Self-Funded  health benefit plans provide small to medium size business a convenient and safe way to provide more affordable health care benefits to their employees and families, so they can enjoy the benefits of self-funding without taking on the added risk.  These plans are governed by federal law and must provide minimum essential coverage under the Affordable Care Act.  Self-Funded plans are underwritten.  

Stop-Loss insurance protects the employer's assets from higher-than-expected claims. The employer is issued stop-loss insurance that reimburses the employer for expenses that exceed a pre determined levels.  These are also called Aggregate limits applied to the whole group. Specific limits apply to each covered individual.
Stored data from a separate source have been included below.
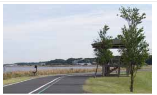
手賀沼自然ふれあい緑道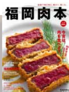
2015年 第2弾 肉本表紙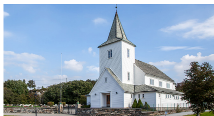
Kausland kyrkje - byggjeår 1881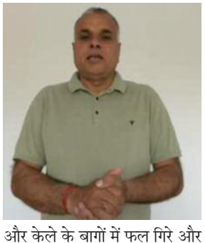
और केले के बागों में फल गिरे और

छिटपुट ओलावृष्टि हुई। इस प्राकृतिक आपदा से न सिर्फ पकी हुई गेहूं और सरसों की फसलें, बल्कि सब्जी और बागवानी भी बुरी तरह प्रभावित हुई हैं। गेहूं की बालियां बिछ गईं, दाने पतले हो गए और ओलों से पत्तियां फट गईं। सरसों में फूल-दाने झड़ गए। साथ ही टमाटर, बैंगन, मिर्च, आलू जैसी सब्जियों में फल फटने और पौधे गिरने की शिकायतें आई हैं। बागवानी में आम, अमरूद, नींबू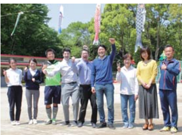
笑顔が素敵な先生たち

また、ネイティブの英語講師は常勤で、園の生活に溶け込んでいます。子どもたちを育む先生や保護者もまた、日々の生活の中で国際人を目指し、視野を広げています。

Self funded Programs offer customizable plan designs to make it the right fit for each employer  

The Employer's costs are the following:

Employer pays a monthly billing statement, similar to those accustomed with traditional Insurance.  The monthly bill has three components

  1.  Stop-loss premium.  This is the amount covers insurance to reimburse the employer for any covered expenses over the aggregate and specific deductibles.
  2. Administrative costs- this is the charge for administrative services such as customer service, claims administration, case management, access to provider networks and others.
  3. Monthly claim account funding-employers make monthly payments to provide for their groups' anticipated claims for the year.  These funds are considered general assets of the employer.